The legend drew wider attention during Pine Ridge’s youth suicide crisis in 2015. Education Week reported seven teen suicides there in recent months that April. Daily Dot linked Walking Sam stories to online discussion and community fears during that period. Later retellings spread through paranormal media, podcasts, Reddit, and South Dakota urban-legend lists.

Lake Kampeska Monster (Watertown, 1886 Reports)

The Lake Kampeska Monster is a lake-serpent story from Watertown in northeastern South Dakota. South Dakota Magazine says boat-builders reported it in 1886 while building a steamer. They described a 20-foot snake-like creature in Lake Kampeska.

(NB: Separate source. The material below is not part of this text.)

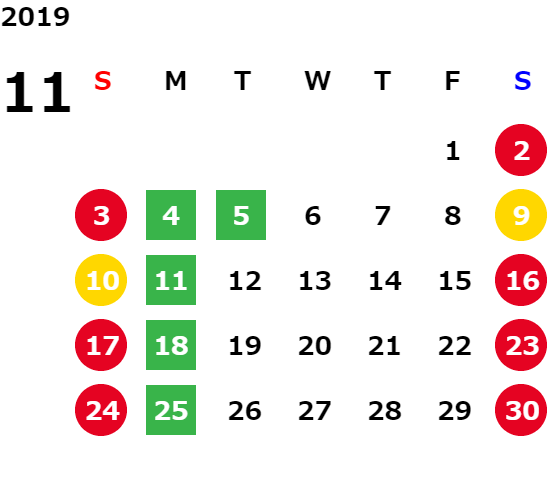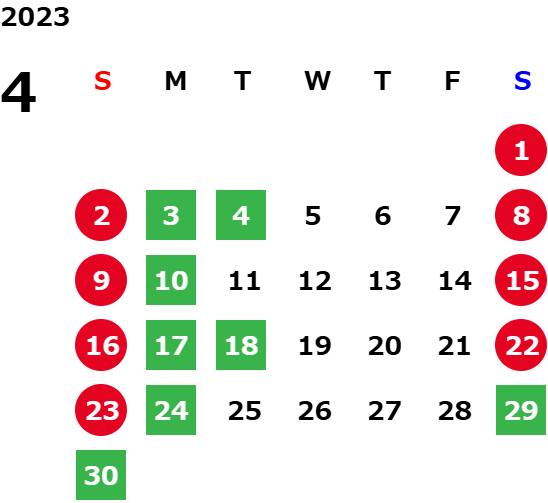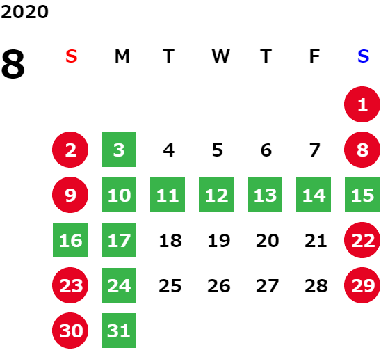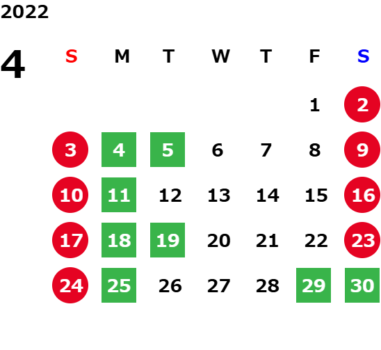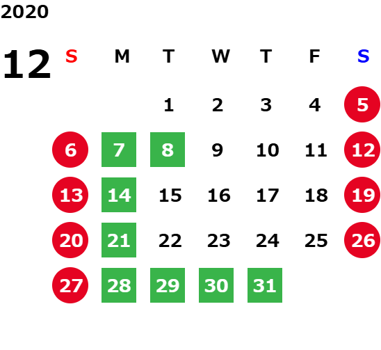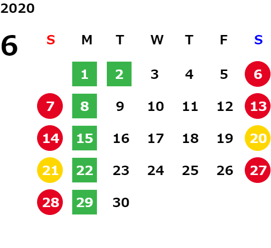 営業日カレンダー

The report gained attention when four prominent Watertown businessmen also claimed a sighting.

Later summaries kept the creature under the name Kampeska Monster. South Dakota Magazine grouped it with other state water stories in 2017. The account fits a wider nineteenth-century pattern of lake-serpent reports in northern communities. Its strongest details remain the 1886 steamer crew and the later Watertown businessmen.

Spirit Mound Little People (Spirit Mound Historic Prairie, South Dakota)

Spirit Mound Little People are beings associated with Spirit Mound, north of Vermillion, South Dakota. Lewis and Clark accounts connect the mound with Sioux, Omaha, and Otoe descriptions of dangerous little people. They were described as eighteen inches tall, watchful, large-headed, and armed with arrows. National Park Service material also connects Spirit Mound with the Yankton Sioux Can O’ti na. These Little Tree Dwellers can appear as tricksters, helpers, and powerful spiritual beings.

Meriwether Lewis, William Clark, and ten expedition members visited Spirit Mound on August 25, 1804. Their journals helped place the mound’s little people tradition in early written accounts of the region. Today, Spirit Mound Historic Prairie is managed as a restored prairie site by South Dakota Game, Fish and Parks.

Yankton River Monster (Missouri River near Yankton, South Dakota)

The Yankton River Monster is a modern Missouri River story tied to Yankton, South Dakota. South Dakota Magazine traced it to a 1992 incident involving a young Yankton couple on the river. They saw a small object with a yellow flag, pulled upstream by a nylon rope. The object surfaced and disappeared near their boat before the rope tangled in the propeller. With the engine killed, the boat was pulled upstream and nearly dragged down.

Other fishermen witnessed the episode, and the story soon appeared in a Yankton newspaper. South Dakota Magazine says the city buzzed with talk of a river monster. Writer Marilyn Kratz suggested a very large sturgeon could explain the frightening encounter. The same article notes later reports of huge fish along the Missouri during reservoir construction. These details keep the story rooted in river hazards, local rumor, and water-monster folklore.

Cheyenne Canyon Wiwila (Cheyenne Canyon area, Black Hills, South Dakota)

Cheyenne Canyon Wiwila refers to petroglyph imagery interpreted as Little People near the Cheyenne River. A 2024 Sioux Replications article places the site twelve miles south of Hot Springs, South Dakota. It describes ancient images scratched and pecked into a rock wall on Wild Horse Sanctuary property. The article identifies five pecked faces with topknots as possible Wiwila figures. In that reading, Wiwila are powerful Little People connected with water and rain-making ceremonies.

The same article links full-body figures, spread fingers, snakes, shields, and drums with ceremonial imagery. It describes rattlesnakes as connected with Wakinyan, the Lakota Thunder Being, in rain symbolism. The Wiwila interpretation rests on this local reading of the Cheyenne Canyon images. That reading places the figures within water-linked Little People traditions. It keeps the story anchored to Cheyenne Canyon and the southern Black Hills.